%------------------------------------------------------------------------------
% File     : SYO038-1.003.003 : TPTP v9.0.0. Released v5.3.0.
% Domain   : Syntactic
% Problem  : Boolos' Curious Inference, size f(3,3)
% Version  : Especial.
% English  :

% Refs     : [Boo87] Boolos (1987), A Curious Inference
%          : [BB05]  Benzmueller & Brown (2005), A Structured Set of Higher
%          : [BB07]  Benzmueller & Brown (2007), The Curious Inference of B
%          : [Ben09] Benzmueller (2009), Email to Geoff Sutcliffe
% Source   : [Ben09]
% Names    : Example 35 [BB05]

% Status   : Unsatisfiable
% Rating   : 0.00 v7.0.0, 0.14 v6.3.0, 0.00 v6.0.0, 0.11 v5.5.0, 0.38 v5.4.0, 0.40 v5.3.0
% Syntax   : Number of clauses     :    6 (   5 unt;   0 nHn;   3 RR)
%            Number of literals    :    7 (   3 equ;   2 neg)
%            Maximal clause size   :    2 (   1 avg)
%            Maximal term depth    :    4 (   2 avg)
%            Number of predicates  :    2 (   1 usr;   0 prp; 1-2 aty)
%            Number of functors    :    3 (   3 usr;   1 con; 0-2 aty)
%            Number of variables   :    5 (   1 sgn)
% SPC      : CNF_UNS_RFO_SEQ_HRN

% Comments : The first order proof is infeasibly long - f(5,5) is huge.

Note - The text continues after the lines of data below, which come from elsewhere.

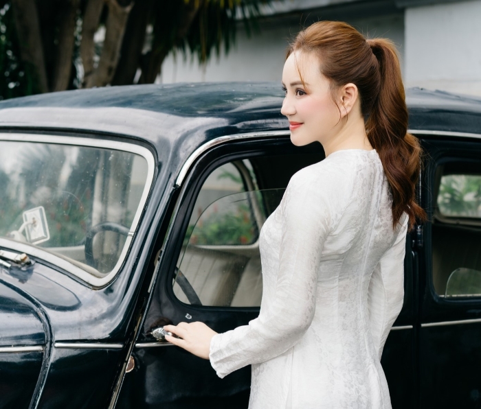 Với mái tóc buộc cao gọn gàng, Vy Oanh mang đến một cảm giác hoài niệm đầy chất thơ khi tạo dáng bên chiếc xe hơi cổ hay không gian kiến trúc xưa cũ.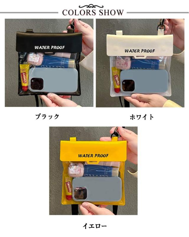 | 貴重品やよく使うものをまとめて持ち運べる便利な防水ポーチ。 スマホ、鍵、財布、パスポート、ヘッドホンまで収納できる大容量◎ IPX8等級の完全防水スマホケース水深30メートルまでの潜行に対応します。 高品質PVC素材でクリアな質感とそのままスマホー操作ができます。 取り外し可能なショルダーストラップ付き。ショルダーバッグのように肩掛け・斜めがけをすれば両手があいて、よりアクティブに行動ができます。 スポーツ、レジャー、フェスなどにあったらとても便利なアイテムです♪ | |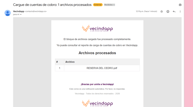 - Recibirás un correo electrónico con el resultado del proceso 📩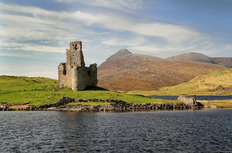 Zřícenina hradu Ardvreck se stala svědkem mnoha krvavých bojů mezi horalskými klany MacLeodů a McKenziů.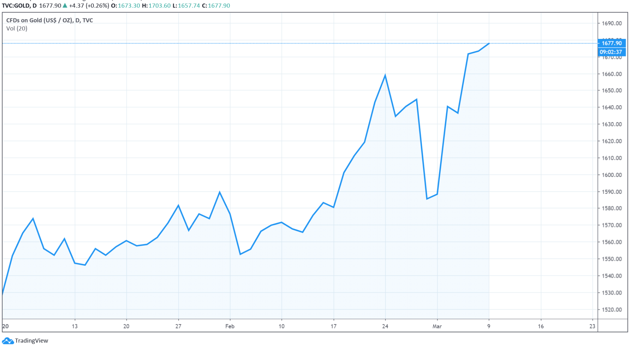If Bitcoin’s price drop wasn’t music enough to Schiff’s ears, news of gold’s own price performance of late will certainly have been. The historical store-of-value asset gained value while many other markets reeled. In fact, gold has had quite a spectacular 2020 amid the chaos of the coronavirus and subsequent market strife.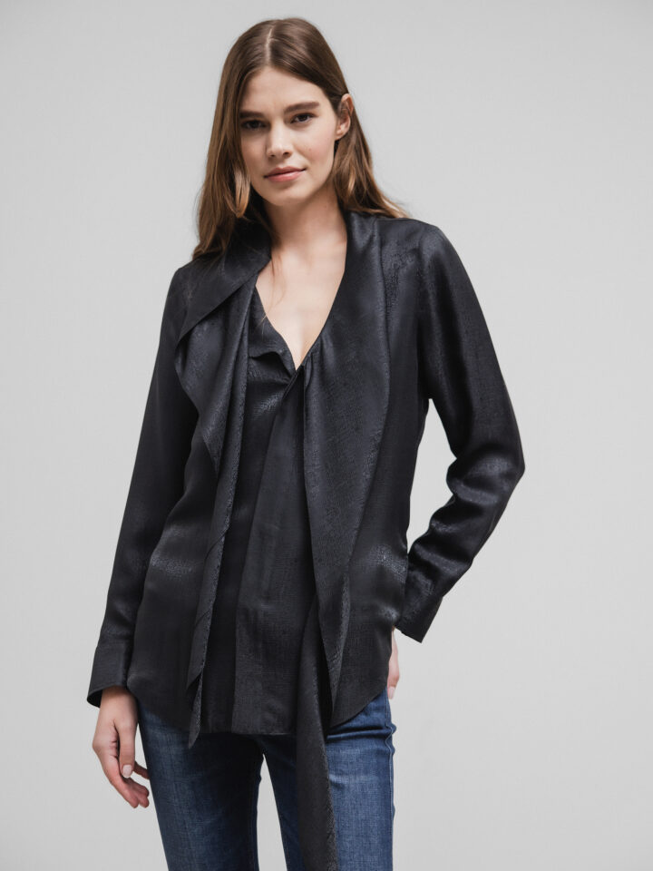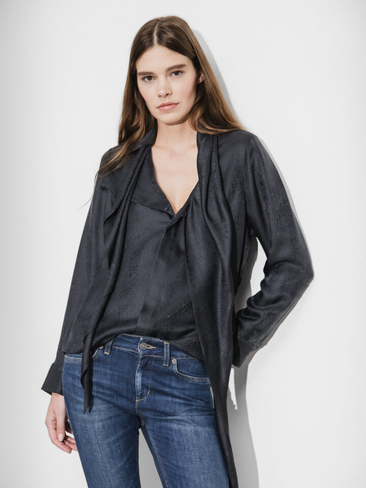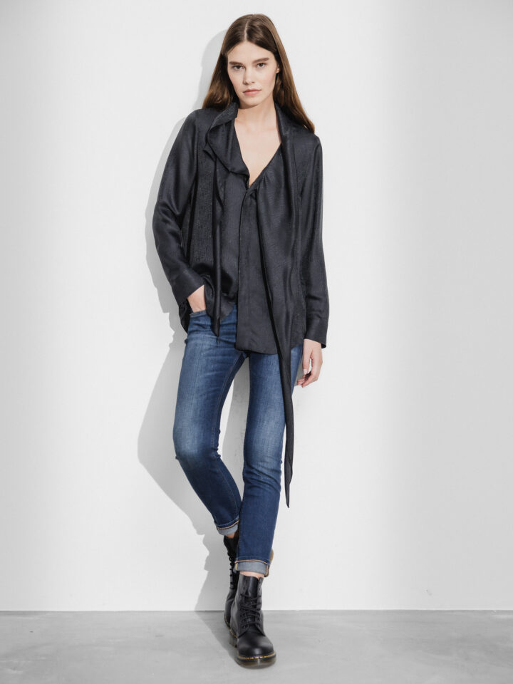 • Schließt mit durchgehender, verdeckter Knopfleiste

It is
%            a number that makes googolplex look tiny.  Practically impossible
%            to solve using only first-order means. However, there exists a
%            proof in higher-order logic that is very short but hard to find.
%          : THF0 syntax
%          : f(3,3) is 16. Relatively easy.
%------------------------------------------------------------------------------
cnf(ax1,axiom,
    f(N,one) = s(one) ).

cnf(ax2,axiom,
    f(one,s(X)) = s(s(f(one,X))) ).

cnf(ax3,axiom,
    f(s(N),s(X)) = f(N,f(s(N),X)) ).

cnf(ax4,axiom,
    d(one) ).

cnf(ax5,axiom,
    ( ~ d(X)
    | d(s(X)) ) ).

cnf(conj,negated_conjecture,
    ~ d(f(s(s(one)),s(s(one)))) ).

%------------------------------------------------------------------------------